The extraction of strawberry pectin solutions was performed according to the method reported by Rombouts and Thibault (1986) and Rnard et al. (1990) with some modifications. Briefly, the sliced strawberry was boiled with four times volume of 99.5% of ethanol for 15 min and slurry was collected by filtration. The slurry was fractionated in 70% ethanol and washed with 70% ethanol until the filtrate gave negative reaction in the phenol–sulfuric acid method. The residue was washed in the order of 70%, 80%, 90%, 99% ethanol and then with diethyl ether, and dried at room temperature. This residue was used as alcohol-insoluble residue (AIS). To extract water-soluble pectin (WP), AIS was stirred with water at 4 °C for 12 h and the supernatant containing WP was collected by filtration. The slurry was washed with water until the filtrate gave negative reaction in phenol–sulfuric acid test, and stirred with 0.4% sodium hexametaphosphate at room temperature for 2 h. The supernatant containing hexametaphosphate-soluble pectin (HXP) was collected by centrifugation at 9400g for 30 min. To extract acid-soluble pectin (HP), residue was washed with water until the sugar was not detected by phenol–sulfuric acid test, and boiled in 0.05 N hydrochloric acid for 1 h, then cooled, the supernatant was collected by centrifugation at 9400g for 30 min. The slurry was washed until the sugar was not detected, stirred with 0.05 N sodium hydroxide for 30 min at 4 °C, and supernatant containing alkali-soluble pectin (OHP) was collected by centrifugation at 9400g for 1 h. The extracted pectin was concentrated by ultrafiltration using 3 kDa cut membrane (Millipore). The total sugar content was determined by the phenol–sulfuric method.

Protein assay

The protein concentration was measured by using BIO-RAD protein assay (Bio-rad) with BSA as a standard.

Cell and cell culture

2.0 × 105 cells/mL of human myeloma cell line U266 were cultured in the 10% fetal bovine serum (FBS, Thermo, Waltham, MA, USA) containing RPMI1640 medium (Thermo) with or without prepared samples at 37 °C under humidified 5% CO2–95%. After 3 days, IgE concentration in the supernatant was measured by an enzyme-linked immunosorbent assay (ELISA).

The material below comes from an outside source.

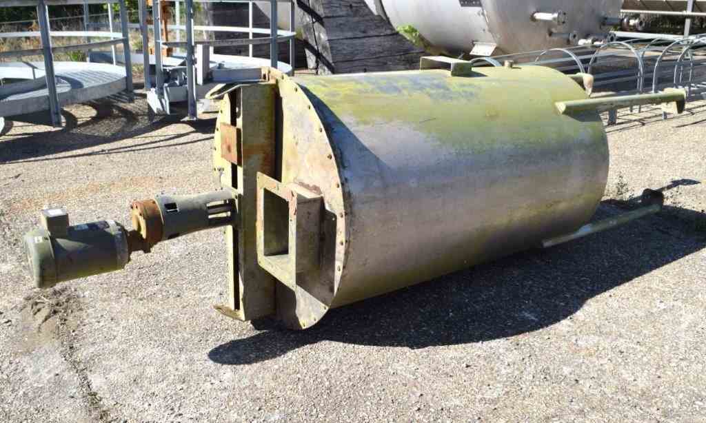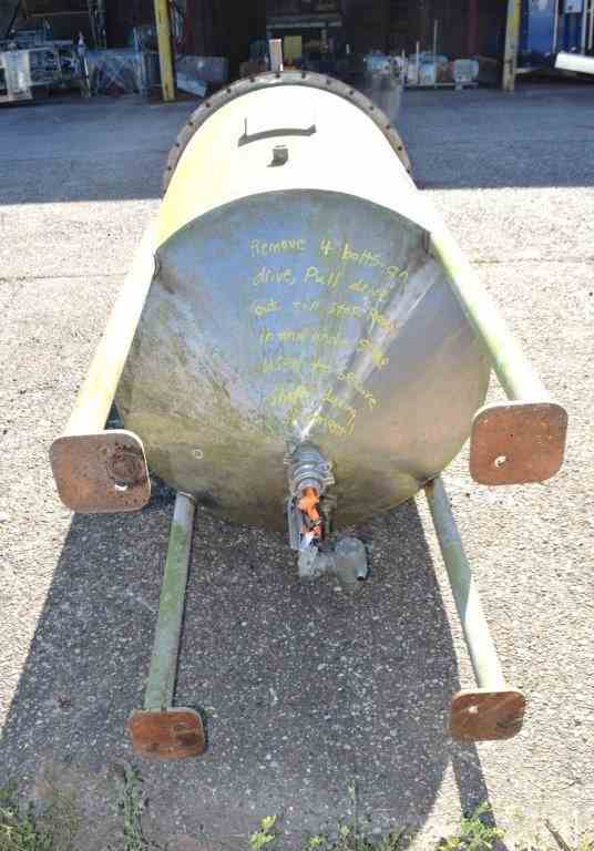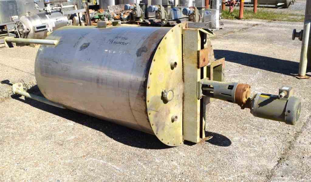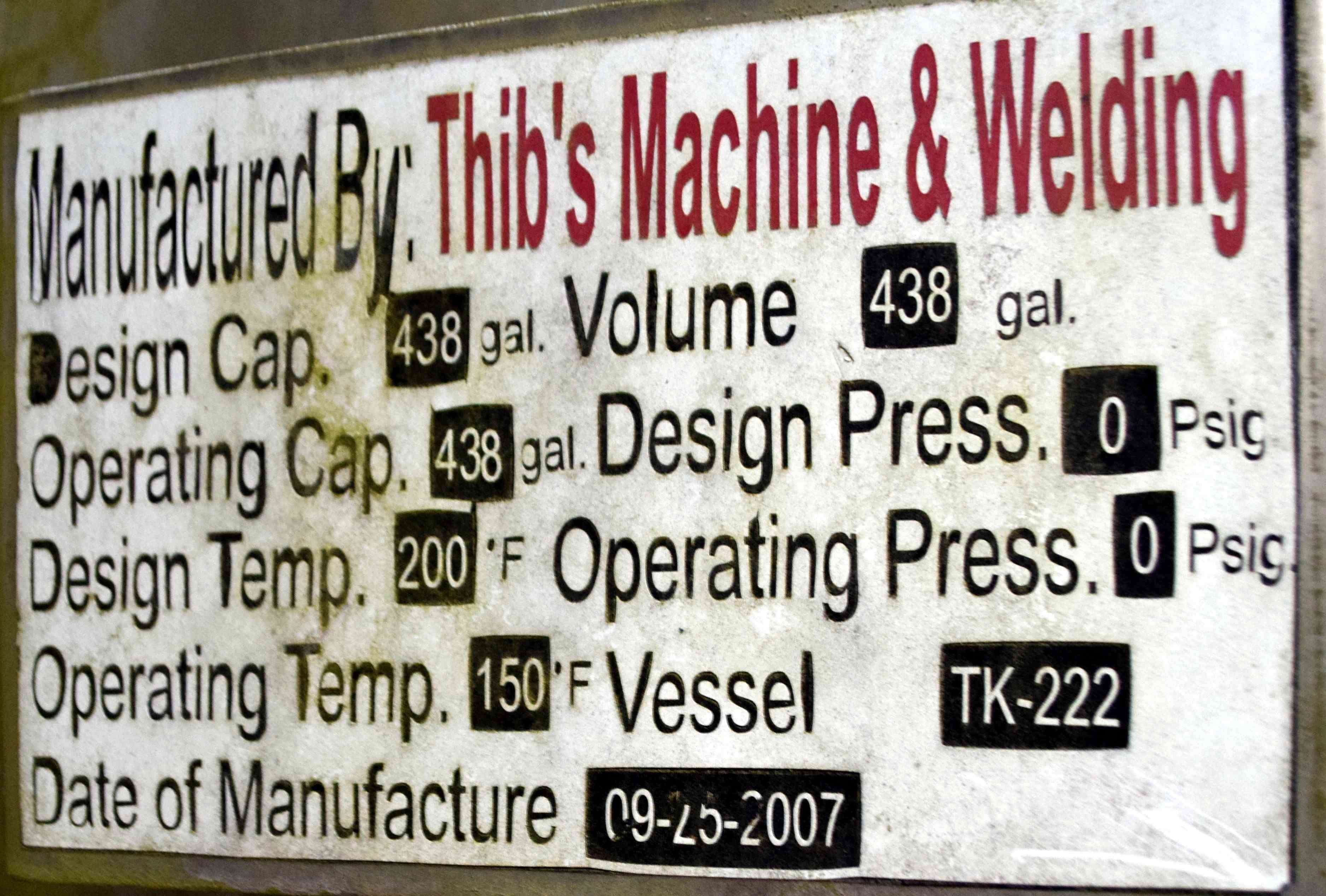 Used- Thibs Machine & Welding Tank, 438 Gallon, Stainless Steel, Vertical. Approximate 42" diameter x 69" straight side, flat bolt on top, coned bottom. Internal rated to 200 degrees F. Top entering UET agitator, model XCEL-2, serial# 10510-01, built 2007. Approximate 1-1/2" diameter shaft with turbines, driven by a 2hp, 3/60/208-230/460 volt, 1140 rpm motor. Mounted on 4 carbon steel legs. Built 2007.
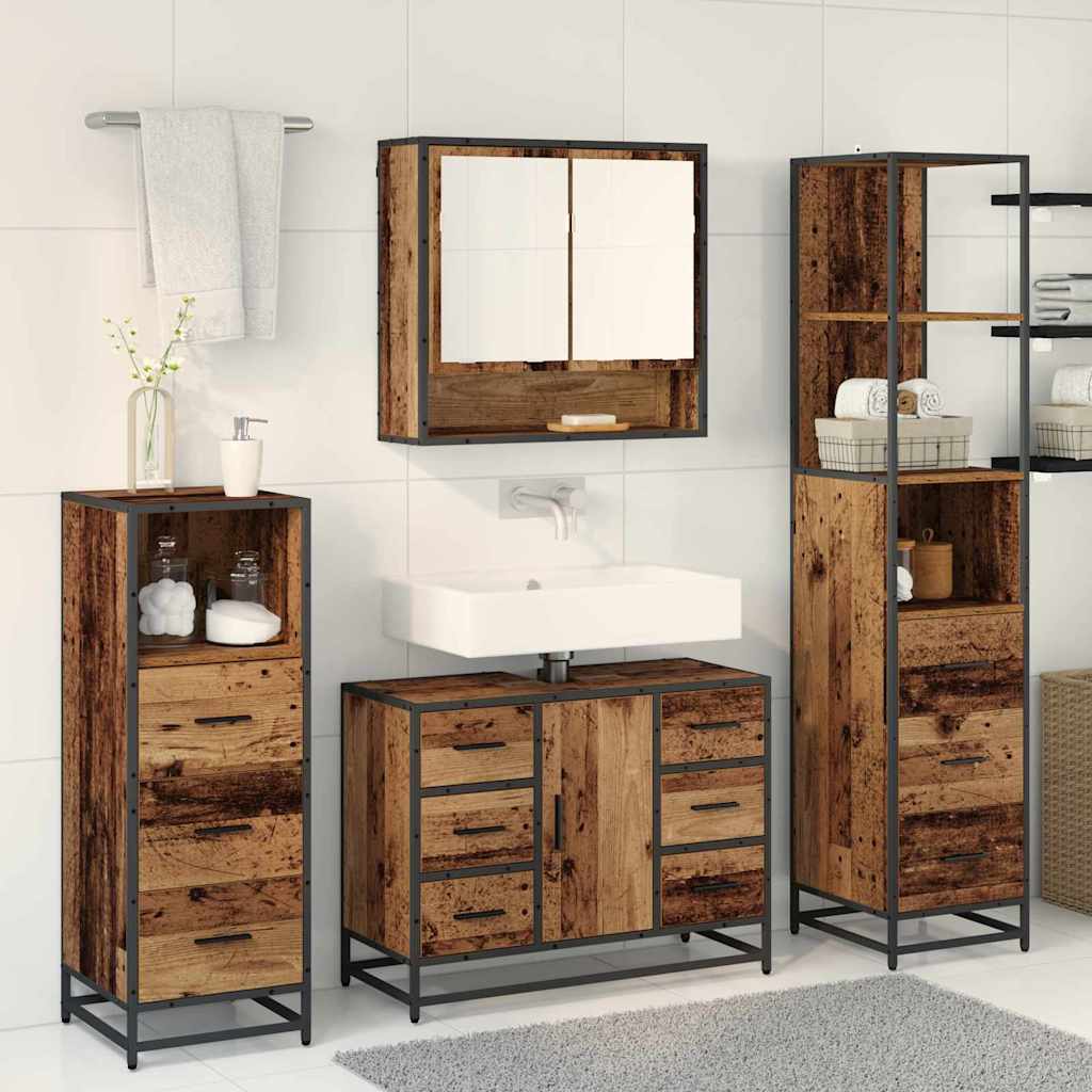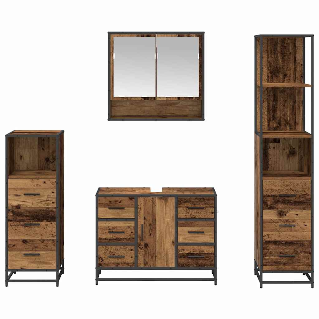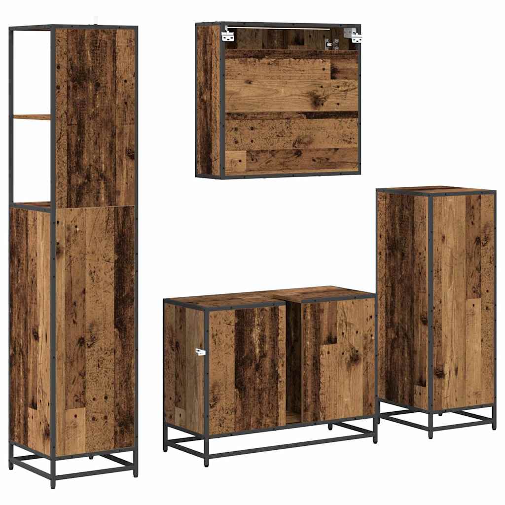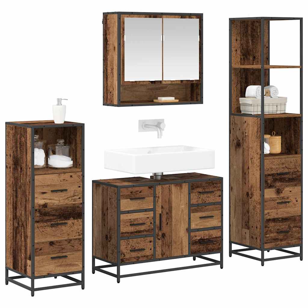 Set de mobilier pentru baie 4 pcs Lemn Vechi Lemn compozit GartenMobel Dekor

Human peripheral blood mononuclear cells (PBMCs) were separated from heparinized human blood of healthy donors by using Ficoll-Paque Plus (GE Healthcare, Uppsala, Sweden). The separated cells were stored at − 85 °C in deep freezer. Informed consent from all healthy volunteers was obtained in accordance with the Declaration of Helsinki. To investigate the effect of sample on immunoglobulin production, in vitro immunization (IVI) was performed as described by Kawahara et al. (2000). Human PBMCs were cultured at 1.0 × 106 cells/mL in the 5% FBS and 10% human plasma containing E-RDF medium (Kyokuto Pharmaceuticals, Tokyo, Japan) supplemented with 10 ng/mL of recombinant human IL-4, IL-6 (R&D systems, Minneapolis, MN, USA), 10 µg/mL of muramyl dipeptide (Sigma) and 100 ng/mL of the cedar pollen allergen Cry j 1 (Hayashibara, Okayama, Japan) with or without prepared samples. After 10 days, total Ig concentration in the supernatant was measured by ELISA.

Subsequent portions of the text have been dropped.